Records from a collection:
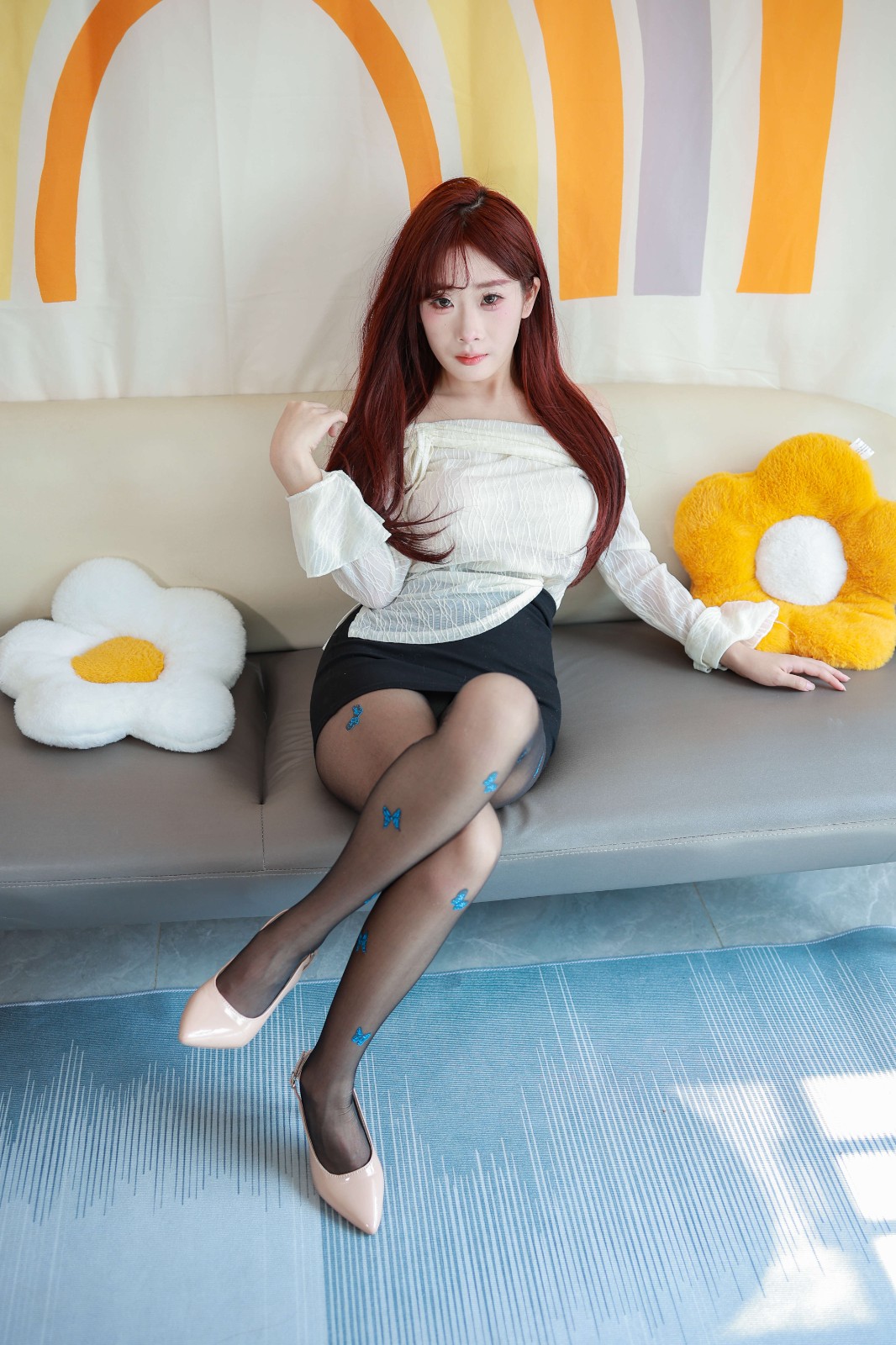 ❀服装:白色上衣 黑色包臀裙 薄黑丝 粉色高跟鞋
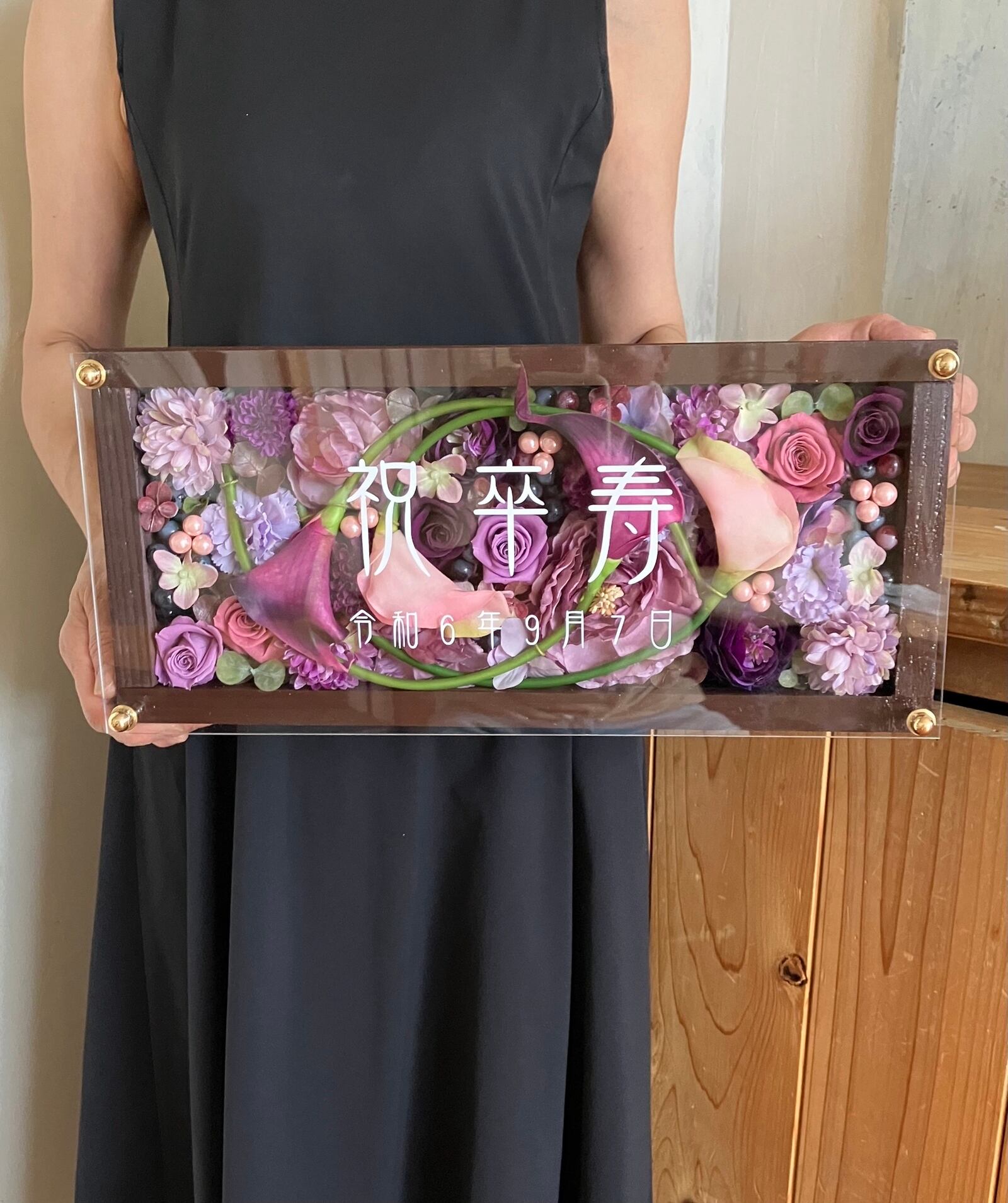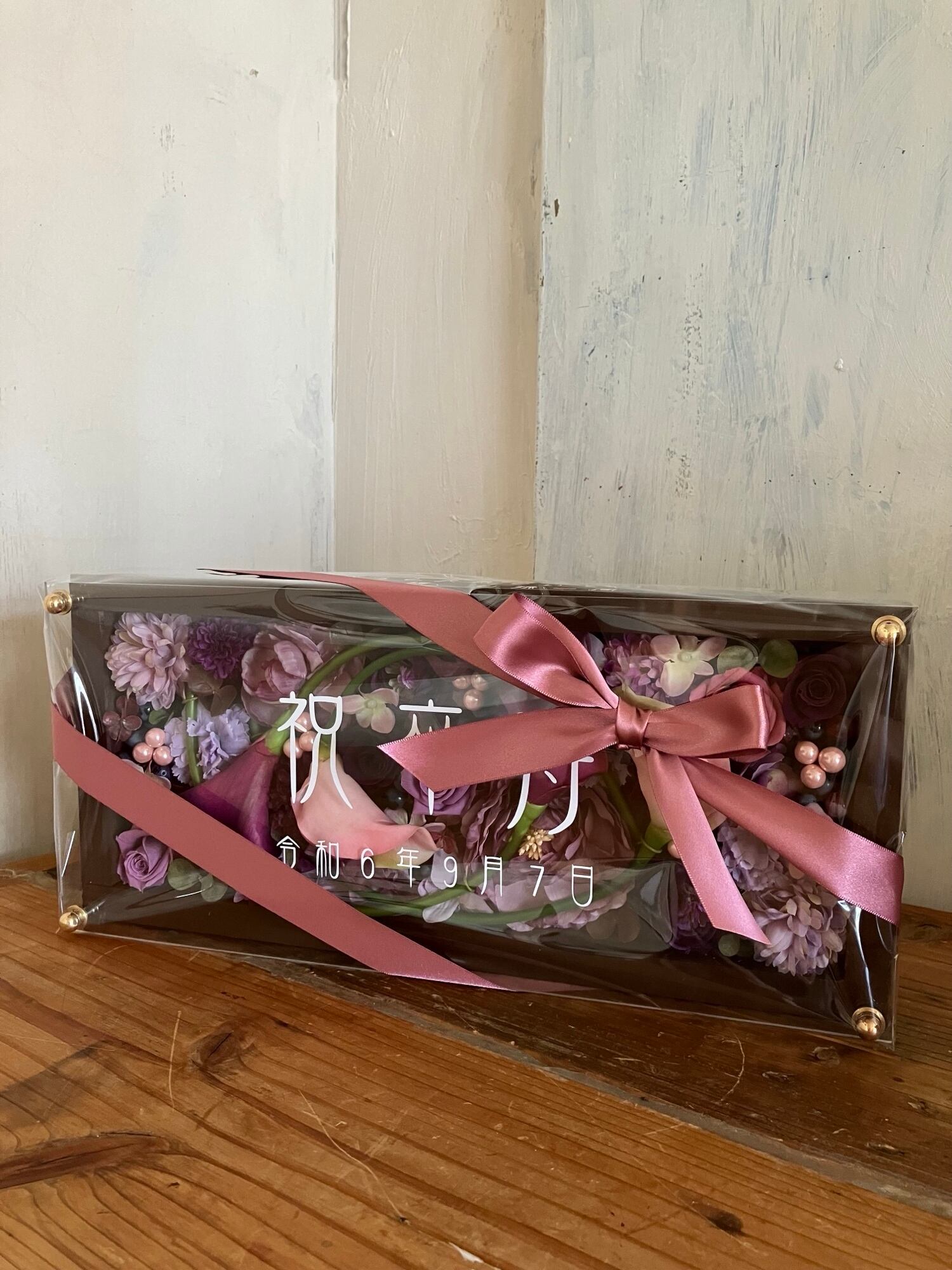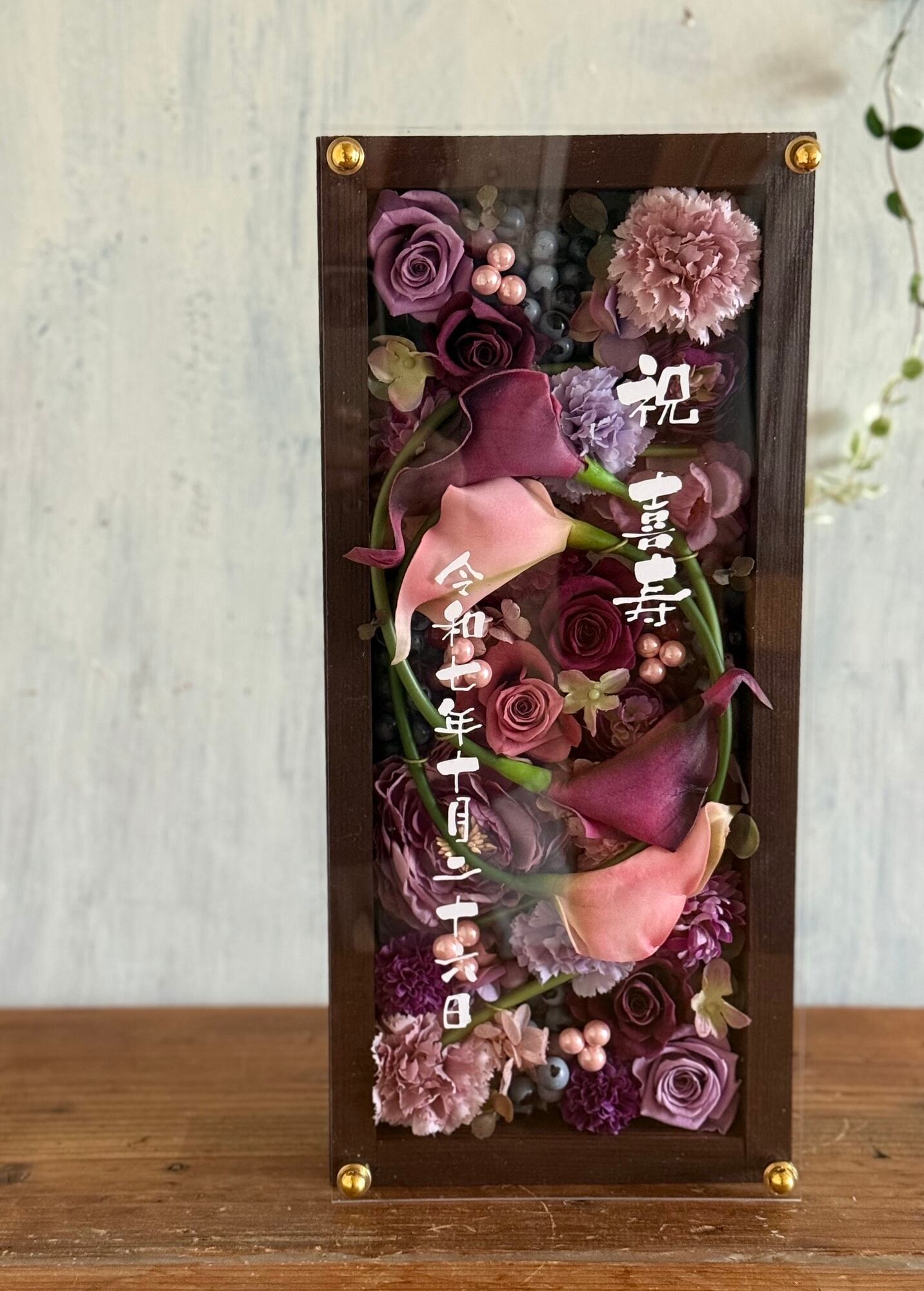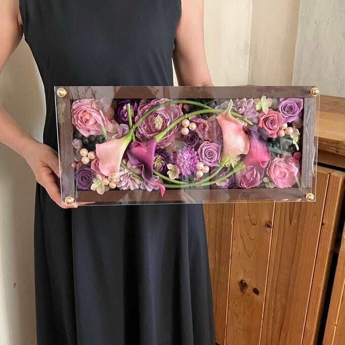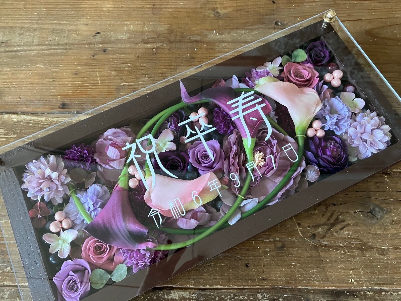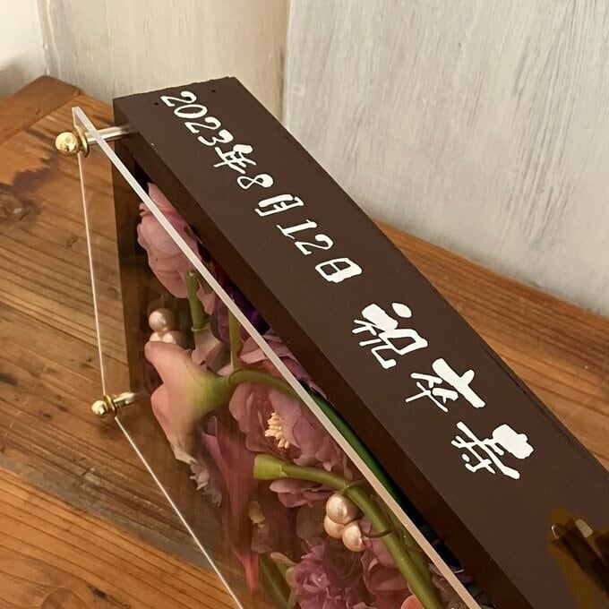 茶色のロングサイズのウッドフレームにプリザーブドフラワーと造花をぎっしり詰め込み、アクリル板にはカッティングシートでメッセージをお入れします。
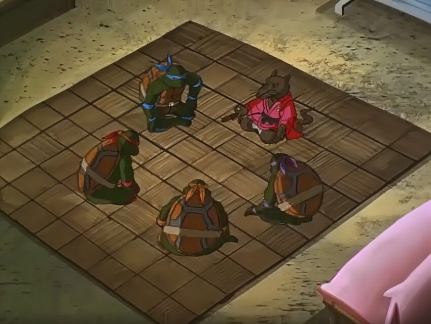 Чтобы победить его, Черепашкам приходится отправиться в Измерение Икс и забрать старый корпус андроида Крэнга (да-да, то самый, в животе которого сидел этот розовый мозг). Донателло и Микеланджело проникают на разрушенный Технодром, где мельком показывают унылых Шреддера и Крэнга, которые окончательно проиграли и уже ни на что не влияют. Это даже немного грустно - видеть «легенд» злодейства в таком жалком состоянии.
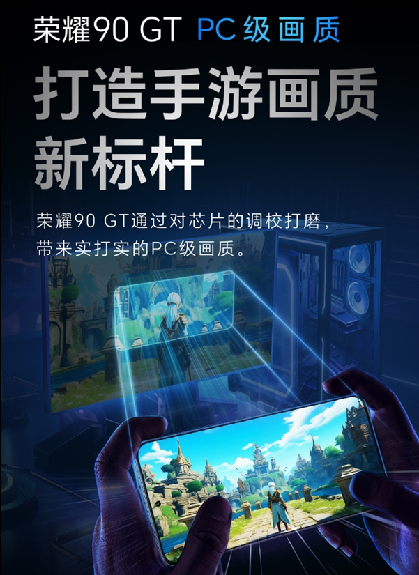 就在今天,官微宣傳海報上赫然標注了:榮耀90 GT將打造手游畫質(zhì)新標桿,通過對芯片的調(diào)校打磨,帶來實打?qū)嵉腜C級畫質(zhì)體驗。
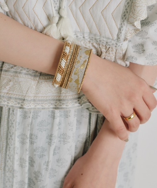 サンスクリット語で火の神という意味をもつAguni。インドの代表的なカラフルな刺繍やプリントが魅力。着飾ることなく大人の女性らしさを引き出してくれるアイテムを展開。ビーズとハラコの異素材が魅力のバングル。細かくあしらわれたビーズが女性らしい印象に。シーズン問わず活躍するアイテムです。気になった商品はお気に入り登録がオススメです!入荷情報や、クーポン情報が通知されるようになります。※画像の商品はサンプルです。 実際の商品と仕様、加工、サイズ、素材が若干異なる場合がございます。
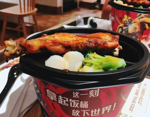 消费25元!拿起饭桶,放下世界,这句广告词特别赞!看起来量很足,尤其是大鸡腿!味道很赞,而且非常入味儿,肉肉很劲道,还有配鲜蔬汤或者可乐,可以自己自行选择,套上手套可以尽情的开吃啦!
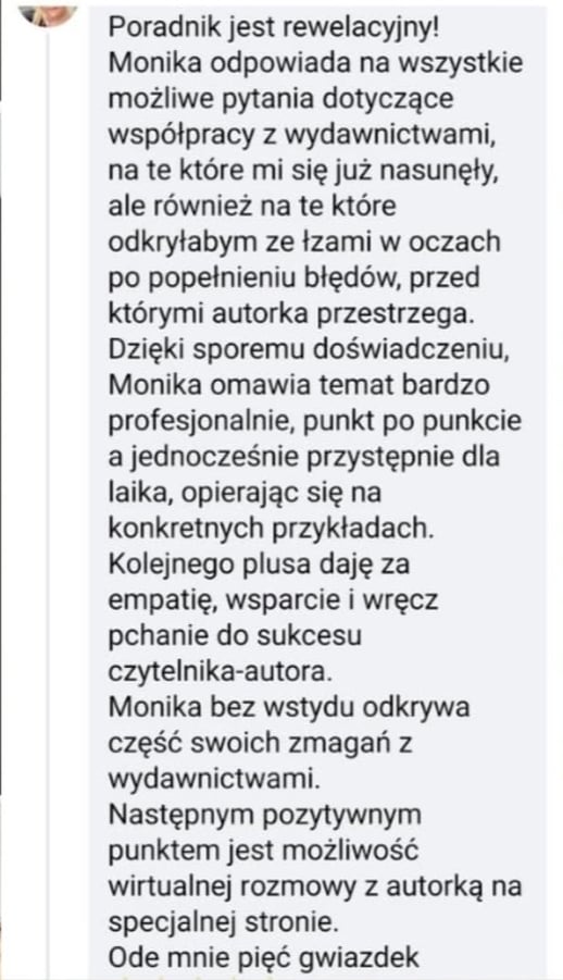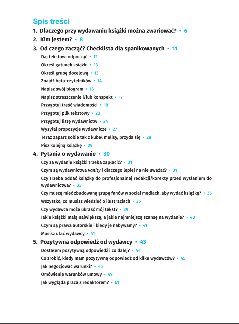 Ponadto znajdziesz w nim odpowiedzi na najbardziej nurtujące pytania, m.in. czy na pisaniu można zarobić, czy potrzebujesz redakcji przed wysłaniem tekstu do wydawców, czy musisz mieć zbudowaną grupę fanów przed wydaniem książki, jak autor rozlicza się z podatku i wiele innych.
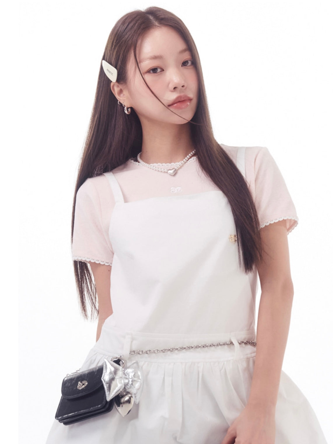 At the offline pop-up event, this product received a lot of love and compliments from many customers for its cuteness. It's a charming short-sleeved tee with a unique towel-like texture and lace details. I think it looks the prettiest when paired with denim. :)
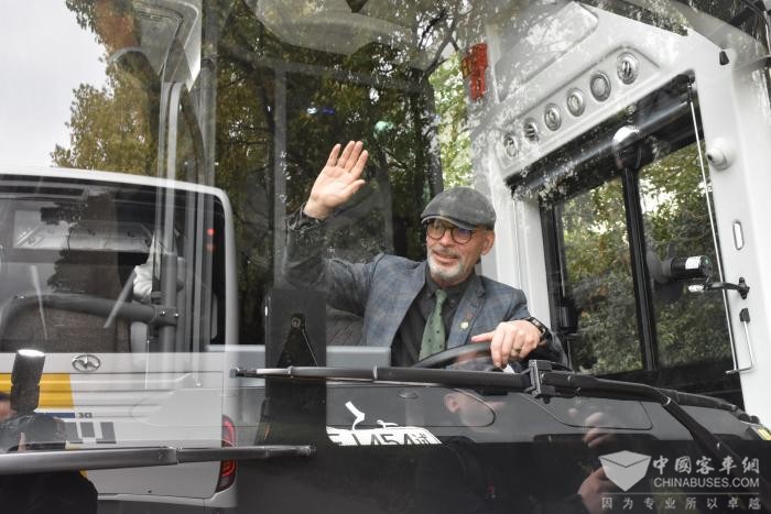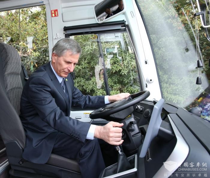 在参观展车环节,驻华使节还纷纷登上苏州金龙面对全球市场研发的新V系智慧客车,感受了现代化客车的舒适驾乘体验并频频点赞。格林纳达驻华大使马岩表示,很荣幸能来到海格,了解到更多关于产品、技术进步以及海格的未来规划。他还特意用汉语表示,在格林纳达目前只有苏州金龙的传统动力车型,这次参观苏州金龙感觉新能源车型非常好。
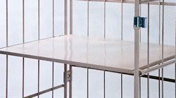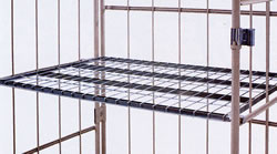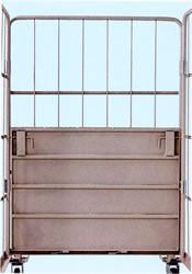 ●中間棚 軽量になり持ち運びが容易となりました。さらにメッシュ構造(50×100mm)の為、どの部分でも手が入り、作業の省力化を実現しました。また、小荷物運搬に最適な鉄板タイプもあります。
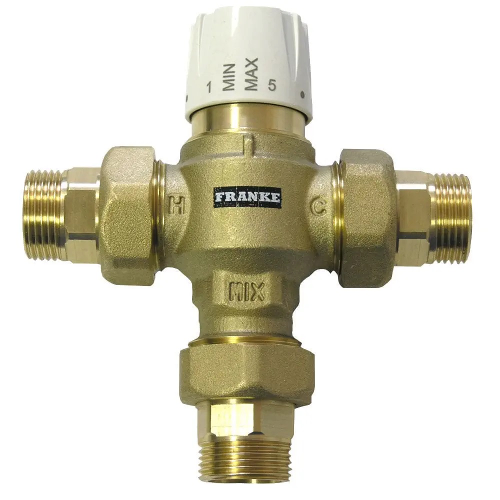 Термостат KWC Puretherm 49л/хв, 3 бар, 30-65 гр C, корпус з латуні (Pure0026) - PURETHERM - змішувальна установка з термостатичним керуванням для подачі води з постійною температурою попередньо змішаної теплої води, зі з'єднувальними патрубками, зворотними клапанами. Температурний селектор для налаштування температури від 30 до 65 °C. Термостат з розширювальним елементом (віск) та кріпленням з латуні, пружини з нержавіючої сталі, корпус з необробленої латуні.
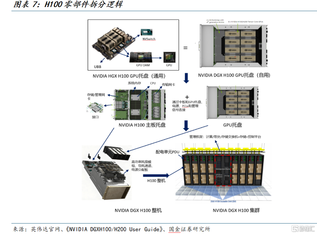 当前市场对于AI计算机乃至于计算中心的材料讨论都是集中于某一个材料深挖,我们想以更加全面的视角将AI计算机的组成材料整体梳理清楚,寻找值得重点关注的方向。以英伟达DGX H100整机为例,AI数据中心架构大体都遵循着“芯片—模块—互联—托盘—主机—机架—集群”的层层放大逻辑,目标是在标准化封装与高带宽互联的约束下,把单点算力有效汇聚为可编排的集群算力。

§ **BRIEF**:
Up to and including the line that contains "就在今天,官微宣傳海報上赫然", print the records above exactly from their first line, without any pictures.

§ **RESULT OF THE TASK**:
 ❀服装:白色上衣 黑色包臀裙 薄黑丝 粉色高跟鞋
 茶色のロングサイズのウッドフレームにプリザーブドフラワーと造花をぎっしり詰め込み、アクリル板にはカッティングシートでメッセージをお入れします。
 Чтобы победить его, Черепашкам приходится отправиться в Измерение Икс и забрать старый корпус андроида Крэнга (да-да, то самый, в животе которого сидел этот розовый мозг). Донателло и Микеланджело проникают на разрушенный Технодром, где мельком показывают унылых Шреддера и Крэнга, которые окончательно проиграли и уже ни на что не влияют. Это даже немного грустно - видеть «легенд» злодейства в таком жалком состоянии.
 就在今天,官微宣傳海報上赫然標注了:榮耀90 GT將打造手游畫質(zhì)新標桿,通過對芯片的調(diào)校打磨,帶來實打?qū)嵉腜C級畫質(zhì)體驗。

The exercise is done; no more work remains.